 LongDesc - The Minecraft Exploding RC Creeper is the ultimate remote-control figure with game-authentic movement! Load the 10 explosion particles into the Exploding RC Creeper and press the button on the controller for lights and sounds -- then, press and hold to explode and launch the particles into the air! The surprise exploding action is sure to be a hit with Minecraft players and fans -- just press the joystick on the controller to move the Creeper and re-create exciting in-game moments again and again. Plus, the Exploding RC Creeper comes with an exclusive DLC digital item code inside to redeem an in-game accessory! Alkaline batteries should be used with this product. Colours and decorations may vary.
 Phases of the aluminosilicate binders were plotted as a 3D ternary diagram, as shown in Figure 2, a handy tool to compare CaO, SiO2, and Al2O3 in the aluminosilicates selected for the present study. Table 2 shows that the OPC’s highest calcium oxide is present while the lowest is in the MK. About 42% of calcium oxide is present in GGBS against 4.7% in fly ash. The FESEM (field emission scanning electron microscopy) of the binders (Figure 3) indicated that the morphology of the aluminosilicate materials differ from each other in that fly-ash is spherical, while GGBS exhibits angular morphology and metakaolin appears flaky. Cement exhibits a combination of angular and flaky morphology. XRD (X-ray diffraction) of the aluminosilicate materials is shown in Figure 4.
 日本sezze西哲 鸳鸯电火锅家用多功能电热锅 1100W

...

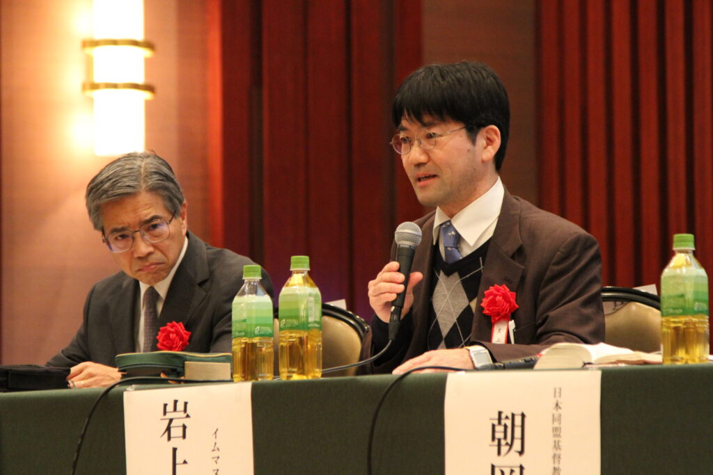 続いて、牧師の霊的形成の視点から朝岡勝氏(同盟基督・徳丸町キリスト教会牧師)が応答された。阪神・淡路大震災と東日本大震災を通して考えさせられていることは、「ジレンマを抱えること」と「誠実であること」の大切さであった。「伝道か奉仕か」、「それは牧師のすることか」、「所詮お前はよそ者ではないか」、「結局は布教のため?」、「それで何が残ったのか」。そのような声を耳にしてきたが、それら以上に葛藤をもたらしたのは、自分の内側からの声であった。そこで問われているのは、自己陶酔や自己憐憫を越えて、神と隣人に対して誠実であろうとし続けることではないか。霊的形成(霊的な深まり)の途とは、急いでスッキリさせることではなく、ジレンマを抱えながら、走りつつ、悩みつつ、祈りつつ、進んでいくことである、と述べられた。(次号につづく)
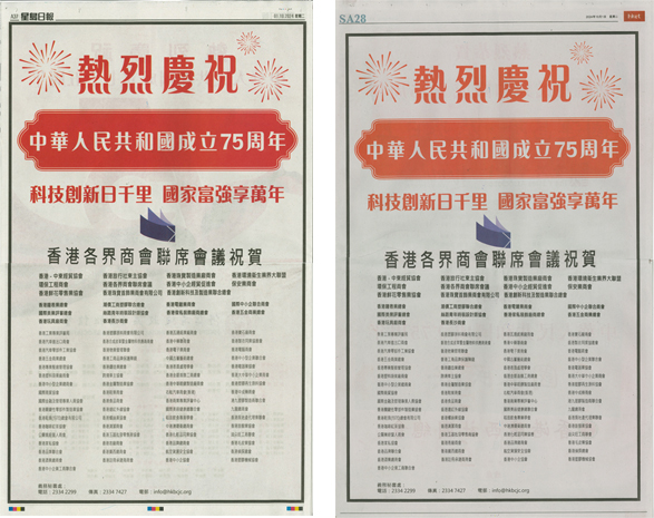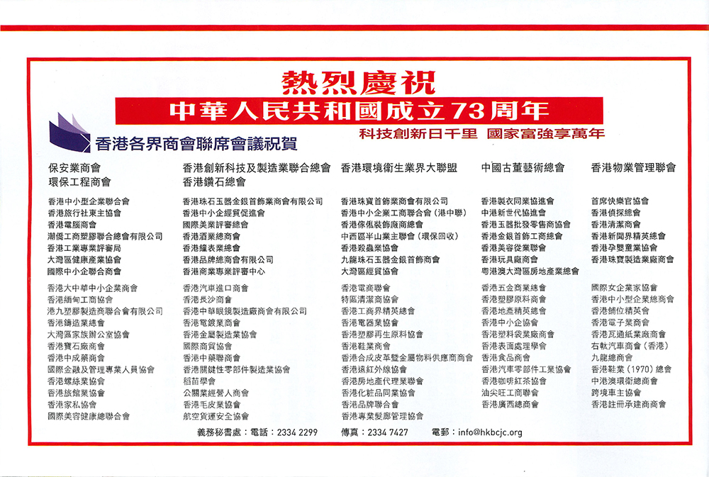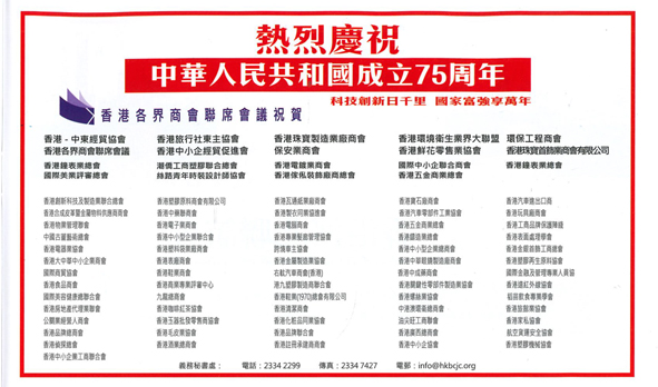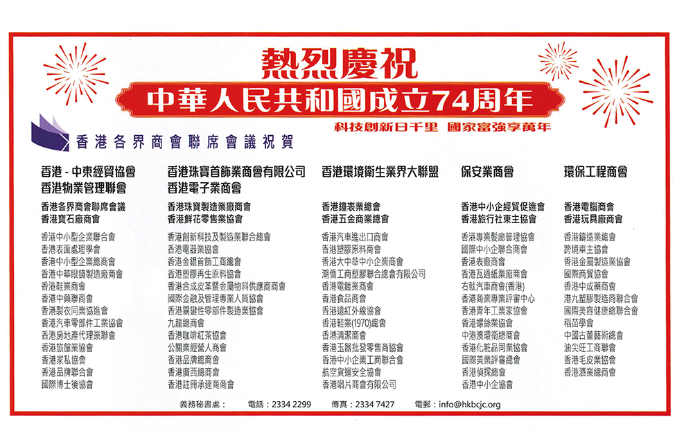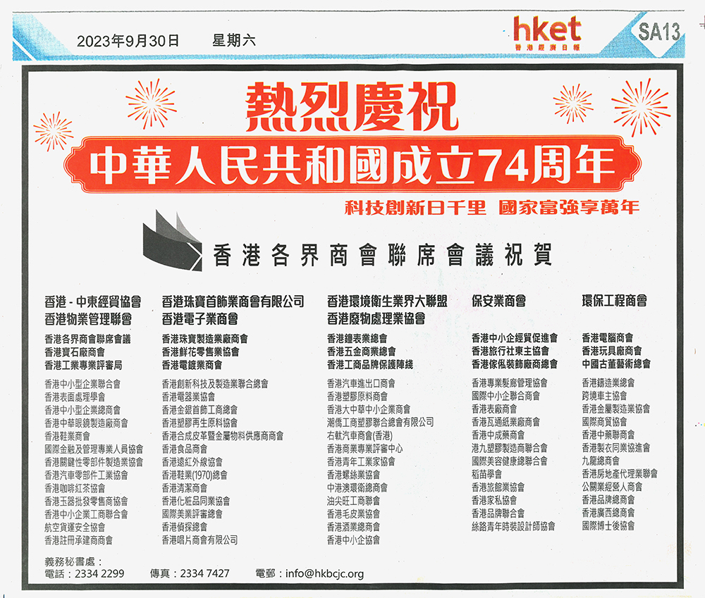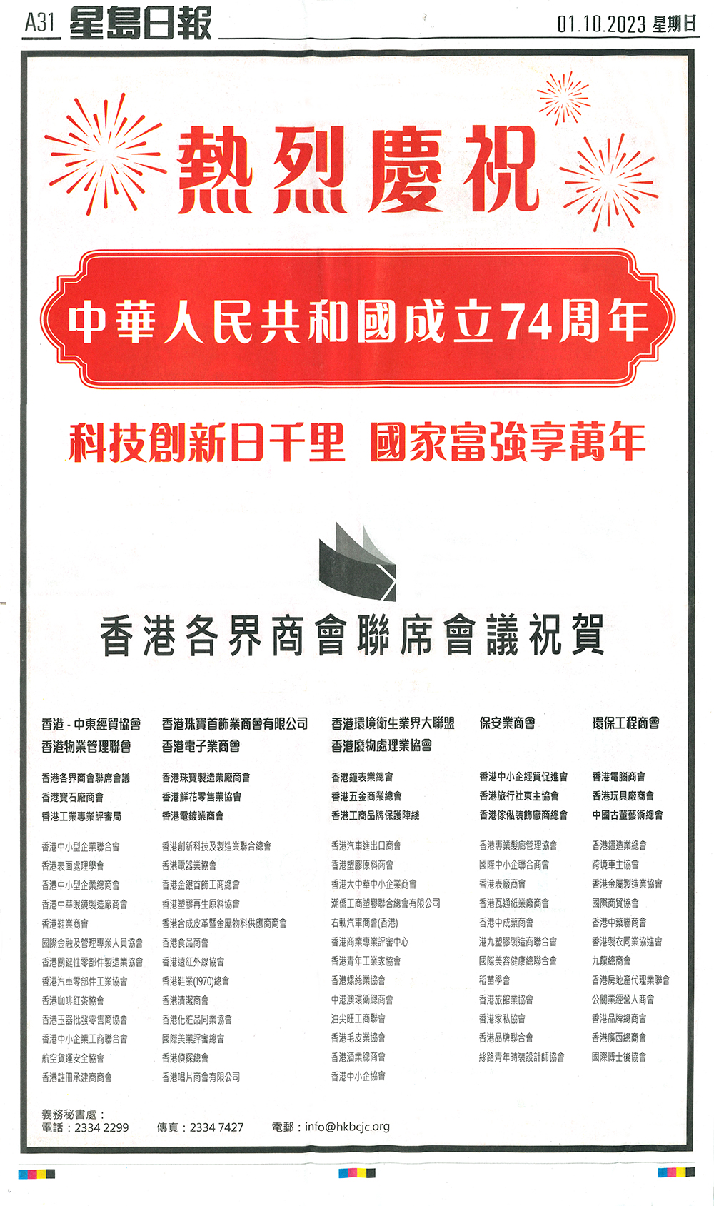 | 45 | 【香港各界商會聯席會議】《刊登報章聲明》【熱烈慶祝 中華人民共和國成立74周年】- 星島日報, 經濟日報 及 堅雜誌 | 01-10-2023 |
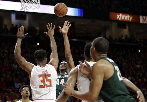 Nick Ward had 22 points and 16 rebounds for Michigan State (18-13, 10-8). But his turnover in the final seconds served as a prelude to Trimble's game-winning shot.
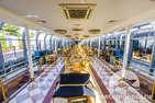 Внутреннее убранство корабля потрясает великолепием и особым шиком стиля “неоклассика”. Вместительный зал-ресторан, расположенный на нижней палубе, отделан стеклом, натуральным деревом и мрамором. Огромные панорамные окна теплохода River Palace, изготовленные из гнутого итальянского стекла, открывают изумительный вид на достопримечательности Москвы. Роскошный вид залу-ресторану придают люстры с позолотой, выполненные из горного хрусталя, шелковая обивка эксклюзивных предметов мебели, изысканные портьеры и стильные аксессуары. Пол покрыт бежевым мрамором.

--

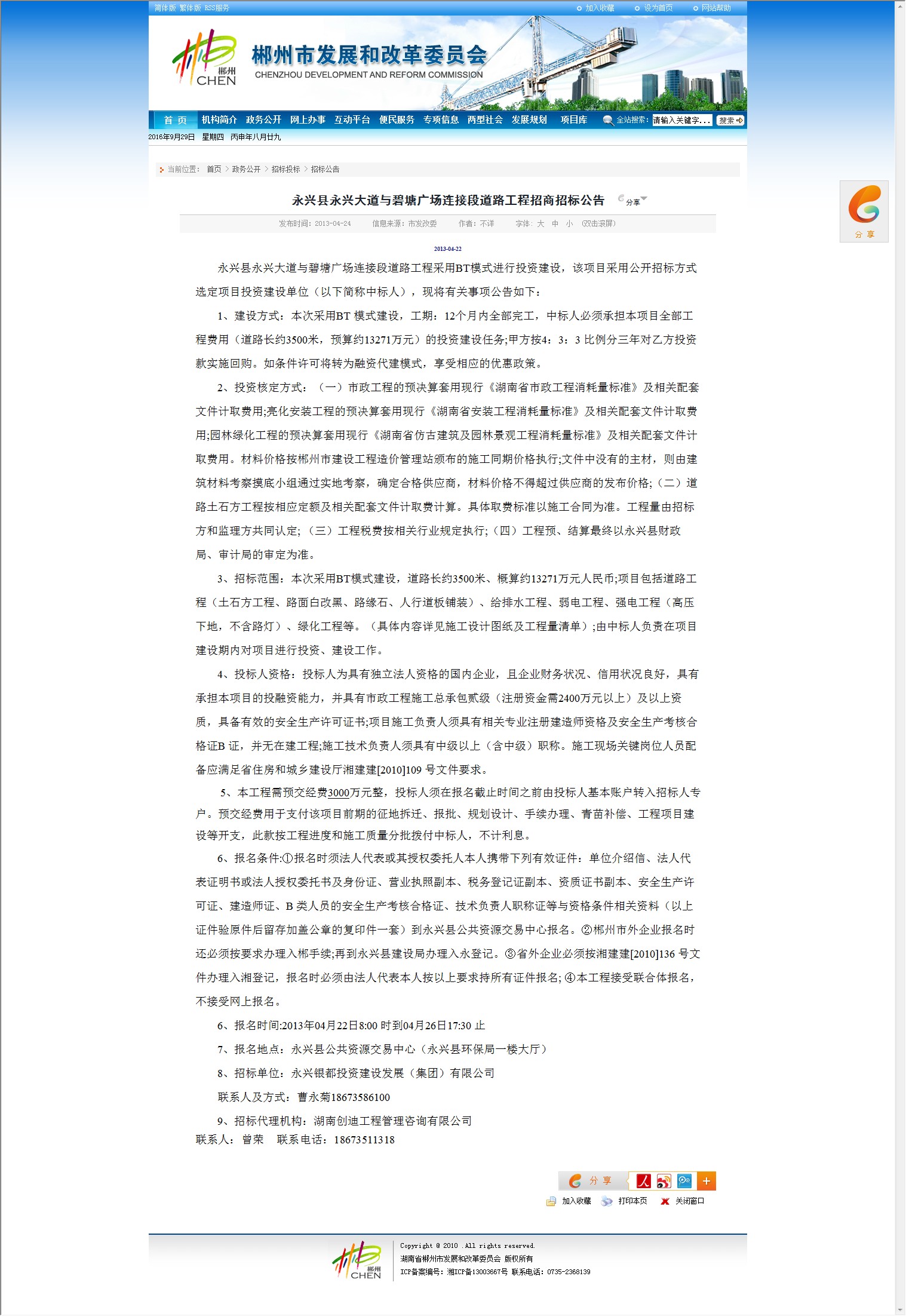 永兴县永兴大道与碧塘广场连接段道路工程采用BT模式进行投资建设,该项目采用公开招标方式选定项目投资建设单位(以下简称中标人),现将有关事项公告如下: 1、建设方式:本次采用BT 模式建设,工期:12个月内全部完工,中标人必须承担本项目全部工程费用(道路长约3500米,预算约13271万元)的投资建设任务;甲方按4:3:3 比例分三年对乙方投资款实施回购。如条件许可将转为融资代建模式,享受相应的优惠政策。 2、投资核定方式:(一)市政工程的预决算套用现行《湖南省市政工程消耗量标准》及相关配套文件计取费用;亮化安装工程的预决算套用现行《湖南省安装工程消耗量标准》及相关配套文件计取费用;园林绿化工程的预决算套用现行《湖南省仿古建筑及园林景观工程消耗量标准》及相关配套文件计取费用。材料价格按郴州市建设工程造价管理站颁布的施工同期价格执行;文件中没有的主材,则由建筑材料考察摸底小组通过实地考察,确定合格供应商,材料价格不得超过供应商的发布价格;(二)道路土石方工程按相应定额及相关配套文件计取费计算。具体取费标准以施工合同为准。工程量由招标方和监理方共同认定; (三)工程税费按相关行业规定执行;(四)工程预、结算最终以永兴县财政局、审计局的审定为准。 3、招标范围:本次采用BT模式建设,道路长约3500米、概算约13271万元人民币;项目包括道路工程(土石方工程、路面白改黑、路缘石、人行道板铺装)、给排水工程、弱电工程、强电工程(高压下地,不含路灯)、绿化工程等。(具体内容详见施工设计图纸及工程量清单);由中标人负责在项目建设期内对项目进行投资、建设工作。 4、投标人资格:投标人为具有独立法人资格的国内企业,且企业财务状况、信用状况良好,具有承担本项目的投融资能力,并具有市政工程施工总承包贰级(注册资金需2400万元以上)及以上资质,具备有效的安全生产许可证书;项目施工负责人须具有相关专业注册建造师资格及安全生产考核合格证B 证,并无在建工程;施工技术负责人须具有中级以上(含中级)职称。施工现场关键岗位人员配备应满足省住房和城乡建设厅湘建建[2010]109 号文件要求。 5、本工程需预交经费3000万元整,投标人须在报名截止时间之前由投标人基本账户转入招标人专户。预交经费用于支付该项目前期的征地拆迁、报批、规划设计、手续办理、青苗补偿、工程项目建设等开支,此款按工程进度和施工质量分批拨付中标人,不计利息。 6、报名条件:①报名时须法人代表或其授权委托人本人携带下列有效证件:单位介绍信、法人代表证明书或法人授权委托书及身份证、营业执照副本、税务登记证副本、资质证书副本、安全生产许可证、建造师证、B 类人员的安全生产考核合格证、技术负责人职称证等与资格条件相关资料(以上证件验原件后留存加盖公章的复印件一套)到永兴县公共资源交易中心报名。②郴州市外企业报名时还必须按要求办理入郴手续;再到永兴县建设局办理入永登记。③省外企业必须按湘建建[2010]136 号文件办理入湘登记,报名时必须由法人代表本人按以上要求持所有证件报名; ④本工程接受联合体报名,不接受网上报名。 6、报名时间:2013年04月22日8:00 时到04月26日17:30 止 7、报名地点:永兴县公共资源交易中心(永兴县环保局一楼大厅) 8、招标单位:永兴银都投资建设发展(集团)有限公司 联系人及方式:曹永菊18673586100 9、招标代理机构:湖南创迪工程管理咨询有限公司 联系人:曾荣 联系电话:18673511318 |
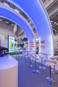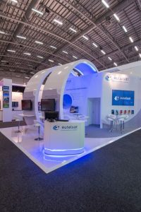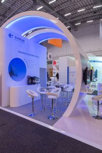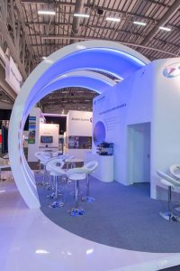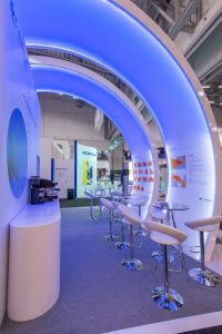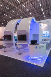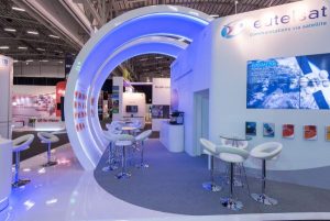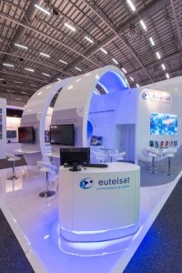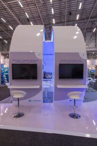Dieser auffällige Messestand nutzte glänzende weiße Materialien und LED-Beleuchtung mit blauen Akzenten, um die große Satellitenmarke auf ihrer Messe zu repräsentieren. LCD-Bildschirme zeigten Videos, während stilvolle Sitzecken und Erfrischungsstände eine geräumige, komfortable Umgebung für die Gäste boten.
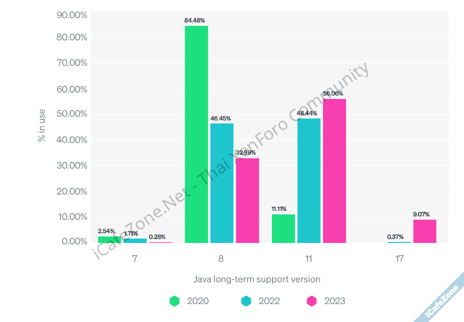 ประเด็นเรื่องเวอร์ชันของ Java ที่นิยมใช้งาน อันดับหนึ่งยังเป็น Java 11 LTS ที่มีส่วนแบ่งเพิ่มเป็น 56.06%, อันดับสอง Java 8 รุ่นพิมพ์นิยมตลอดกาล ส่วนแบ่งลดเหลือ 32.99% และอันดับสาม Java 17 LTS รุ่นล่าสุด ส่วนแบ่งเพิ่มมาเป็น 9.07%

How to complete this task
What should come back is an exact copy of the lines above from the line with "堅雜誌 | 01-10-2023 |" to the line with "Nick Ward had", both included, minus the pictures.

Answer area
 | 45 | 【香港各界商會聯席會議】《刊登報章聲明》【熱烈慶祝 中華人民共和國成立74周年】- 星島日報, 經濟日報 及 堅雜誌 | 01-10-2023 |
 Nick Ward had 22 points and 16 rebounds for Michigan State (18-13, 10-8). But his turnover in the final seconds served as a prelude to Trimble's game-winning shot.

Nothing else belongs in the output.